__DIRECTIONS FOR THIS TASK__
Leaving out all images, return the entries below exactly.

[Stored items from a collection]
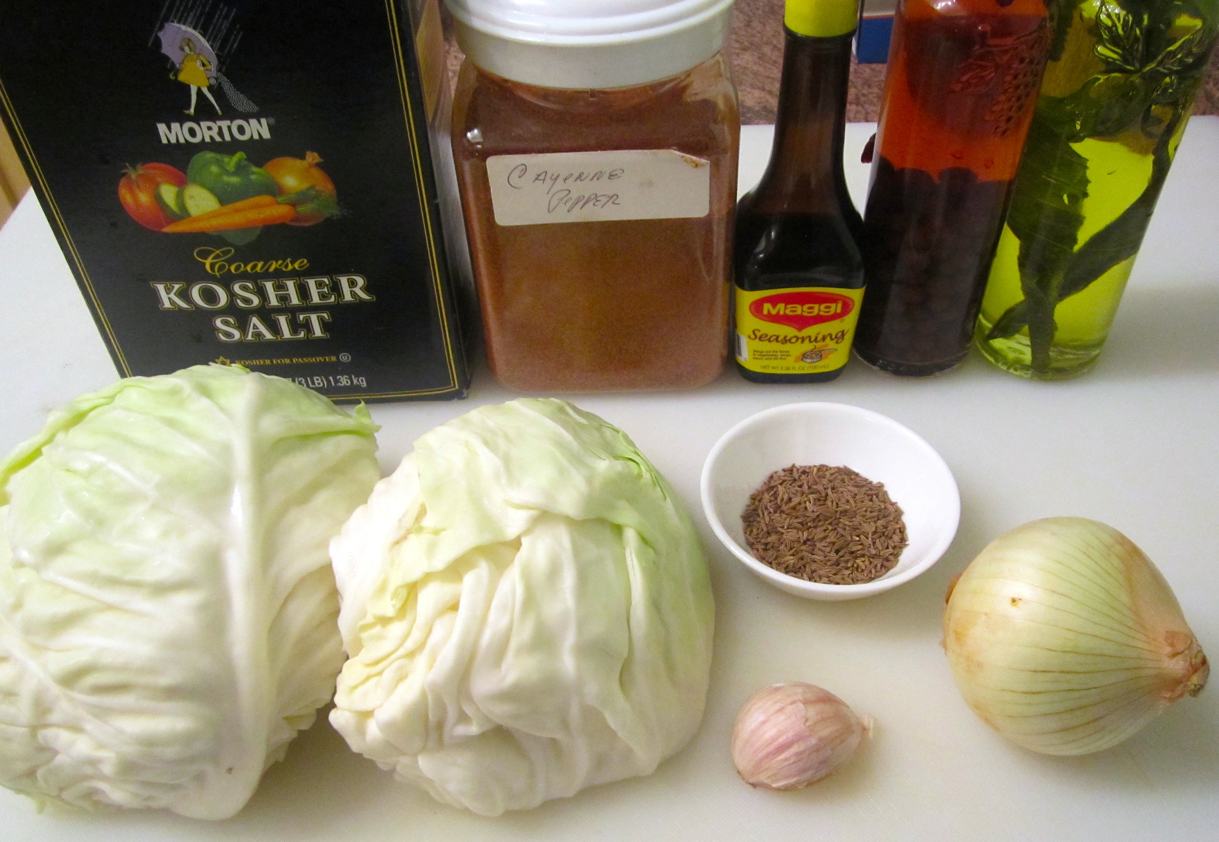 are cabbage, onions, salt, pepper, oil, vinegar,caraway seeds. Some folks (me) like to
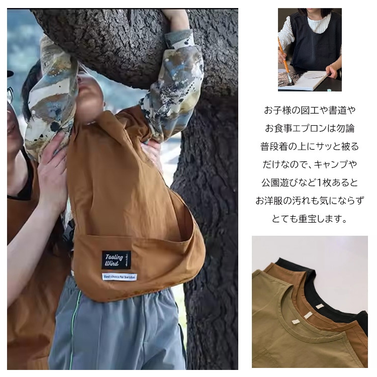 ベストエプロン キッズ エプロン 子供 被るだけ スモック 撥水防汚 女性 ショート 食事 図工 アウトドア キャンプ
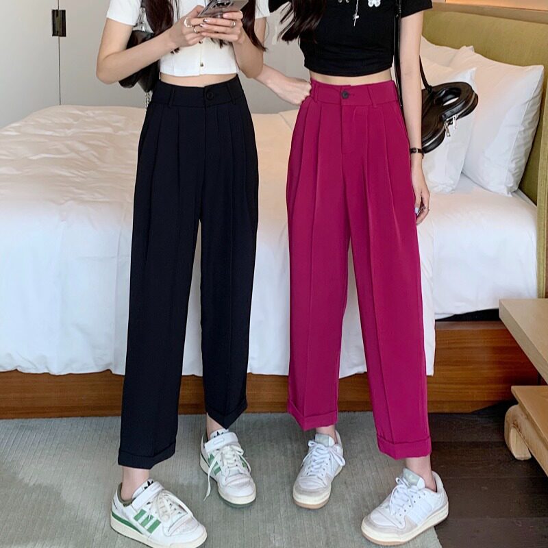 Fire Dragon Fruit Color Pants 2022 New Summer Straight Drum Pituality High Waist Rose Red West Dress Pants Little Sub Wide Leggings Pants
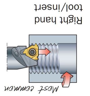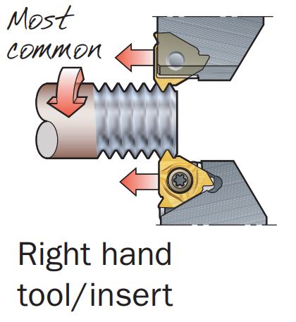 Sağ takımla dış tarafta sağ el vida Saat yönünün tersine nedeniyle yalnızca kayarak işlemeye uygundur. |
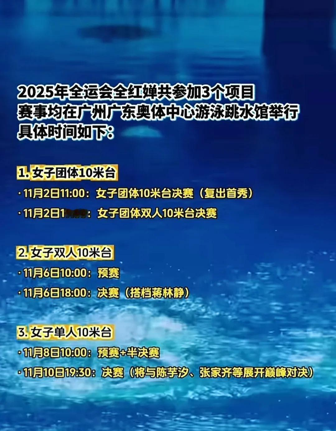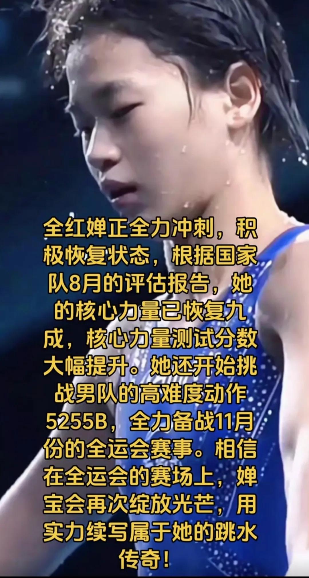 全运会观众最想看的是什么项目?跳水是主要的其中之一,特别是有全红婵参加的比赛。11月2号11点,女子十米台团体决赛,婵宝来了。 相比别的跳水运动员,这里单说全红婵的竞争对手,她们有科学的系统指导训练,有科学的营养师,科学的恢复体能师,科学的这个那个师。全红婵呢?随着年龄层次的快速生长,家族强大偏胖基因,让喜欢她的观众翘首以待,能不能大杀四方?早早的就买了她有关比赛的门票,想一睹她风采,能不能把所有比赛的金牌收入囊中。 全红婵训练是够刻苦的,不声不响的一个人日夜加练,所付出的艰辛一般人做不到,这就是婵宝,来自农村的辛勤小姑娘。 有人说她是天才,其实都是脚踏实地一步一个脚印咬牙练出来的。 好了,大家看看她有关比赛的时间,千万不要错过,为婵宝加油。
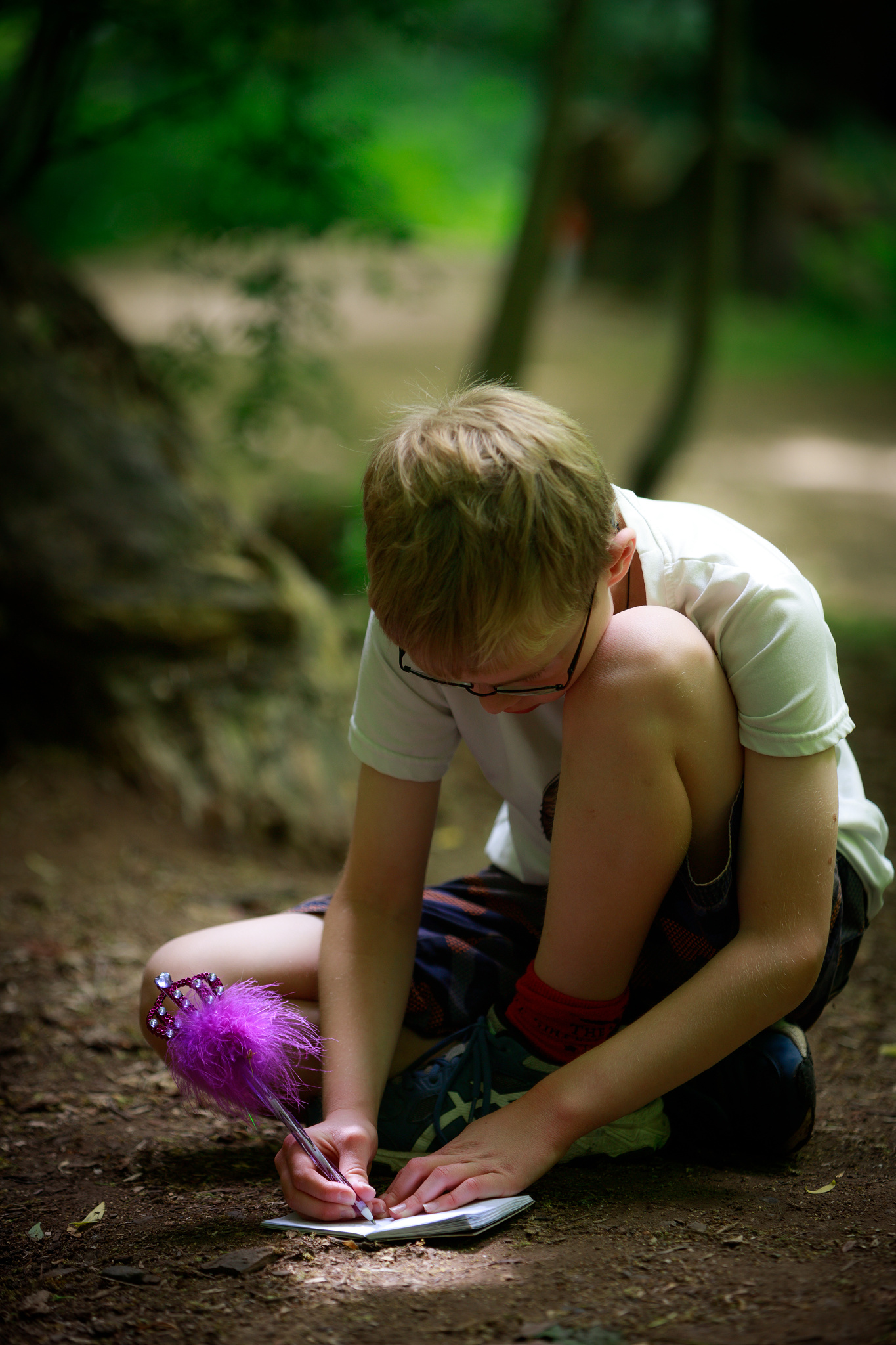 Walking in the forest through a patch of fairy doors, and we opened one to find a notebook and a pen.

__OUTPUT BELOW__
 are cabbage, onions, salt, pepper, oil, vinegar,caraway seeds. Some folks (me) like to
 ベストエプロン キッズ エプロン 子供 被るだけ スモック 撥水防汚 女性 ショート 食事 図工 アウトドア キャンプ
 Fire Dragon Fruit Color Pants 2022 New Summer Straight Drum Pituality High Waist Rose Red West Dress Pants Little Sub Wide Leggings Pants
 Sağ takımla dış tarafta sağ el vida Saat yönünün tersine nedeniyle yalnızca kayarak işlemeye uygundur. |
 全运会观众最想看的是什么项目?跳水是主要的其中之一,特别是有全红婵参加的比赛。11月2号11点,女子十米台团体决赛,婵宝来了。 相比别的跳水运动员,这里单说全红婵的竞争对手,她们有科学的系统指导训练,有科学的营养师,科学的恢复体能师,科学的这个那个师。全红婵呢?随着年龄层次的快速生长,家族强大偏胖基因,让喜欢她的观众翘首以待,能不能大杀四方?早早的就买了她有关比赛的门票,想一睹她风采,能不能把所有比赛的金牌收入囊中。 全红婵训练是够刻苦的,不声不响的一个人日夜加练,所付出的艰辛一般人做不到,这就是婵宝,来自农村的辛勤小姑娘。 有人说她是天才,其实都是脚踏实地一步一个脚印咬牙练出来的。 好了,大家看看她有关比赛的时间,千万不要错过,为婵宝加油。
 Walking in the forest through a patch of fairy doors, and we opened one to find a notebook and a pen.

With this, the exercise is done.